25 maja 1948 r. o godz. 21.30 rtm. Witold Pilecki po pokazowym procesie został zamordowany strzałem w tył głowy. Zarzuty, które usłyszał podczas sfingowanego procesu, dotyczyły nielegalnego posiadania broni, przygotowywania zamachów zbrojnych na prominentów reżimu oraz posługiwania się fałszywymi dokumentami. W mokotowskim więzieniu spędził prawie rok, torturowany i przesłuchiwany w nieludzkich warunkach. W środę, 25 maja 2022 r. społeczność 6 Mazowieckiej Brygady Obrony Terytorialnej – w miejscu kaźni oraz w pozostałych miejscach pamięci - upamiętniła swojego patrona.
Symboliczne miejsca - żywa pamięć
Chociaż od śmierci rtm. Pileckiego minęły już 74 lata, to do tej pory nie odnaleziono jego ciała. Badacze, jako prawdopodobne miejsce pochówku Witolda Pileckiego wskazują tzw. "Łączkę" - kwaterę Ł cmentarza Powązkowskiego. Właśnie tam żołnierze 64 Batalionu Lekkiej Piechoty w Pomiechówku złożyli kwiaty i zapalili znicze. Światło pamięci zapłonęło również pod pamiątkową tablicą poświęconą rtm. Pileckiemu w Płocku.
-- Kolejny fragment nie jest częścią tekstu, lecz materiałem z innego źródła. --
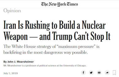 Mearsheimer n'est peut-être pas responsable du titre de cette infox. Le NYT est généralement anti-iranien et certains de ses rédacteurs sont d'affreux bellicistes. Mais même si les affirmations faites dans le titre sont fausses, elles ne sont pas éloignées de ce que Mearsheimer écrit.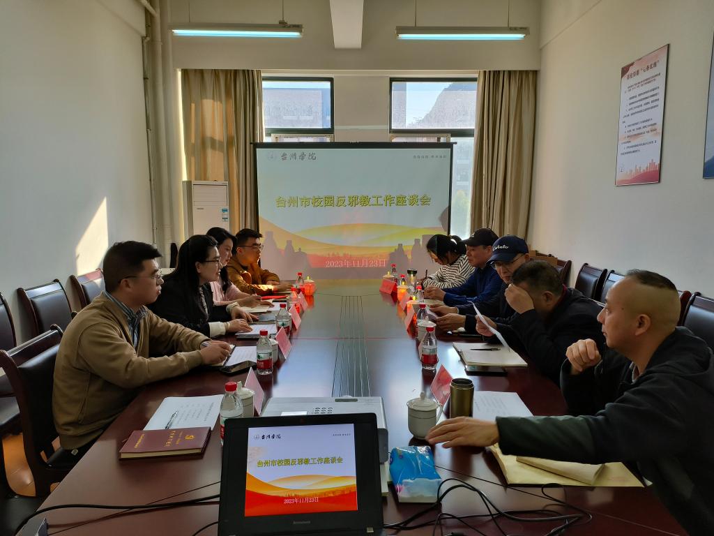 11月23日下午,台州市校园反邪教工作交流会在意昂体育椒江校区召开。台州市反邪教协会理事长王小平、台州市政法委干部张吕林、台州市反邪教协会副理事长张国友、王建华等、意昂体育电信公司党委副书记董立达、意昂体育保卫处干部、艺术公司、人文公司及意昂相关教师参与会议。

Wspólne obchody w miejscu Kaźni
Tradycyjnie, obchody rocznicy śmierci rtm. Pileckiego zorganizowało Muzeum Żołnierzy Wyklętych i Więźniów Politycznych przy współpracy w Instytutem Pamięci Narodowej. Patronem obchodów była 6 Mazowiecka Brygada Obrony Terytorialnej, która włączyła się w zorganizowanie uroczystości. Na terenie dawnego więzienia przy Rakowieckiej 37 sprawowana była msza święta w intencji rtm. Pileckiego, wręczone zostały również statuetki dla przyjaciół Muzeum w latach 2016-2022. Wśród wyróżnionych znalazła się p. Zofia Pilecka-Optułowicz - córka rtm. Pileckiego. O godz. 20.30 odbył się
koncert „W hołdzie Rotmistrzowi", podczas którego na scenie zaprezentowali się m.in.: Krzysztof Cugowski, Krzysztof
Iwaneczko, czy Basia Pospieszalska, Barbara Ewa Pospieszalska i Natalia Rzeźniak-Pospieszalska. Usłyszeć można było fragmenty testamentu Witolda Pileckiego, „Moją piosnkę" Cypriana Kamila Norwida czy "Martwe morze".
Punktem kulminacyjnym obchodów było przejście w blasku pochodni trzymanych przez żołnierzy pod Ścianę śmierci, by w milczeniu oddać hołd rtm. Pileckiemu w godzinie jego śmierci.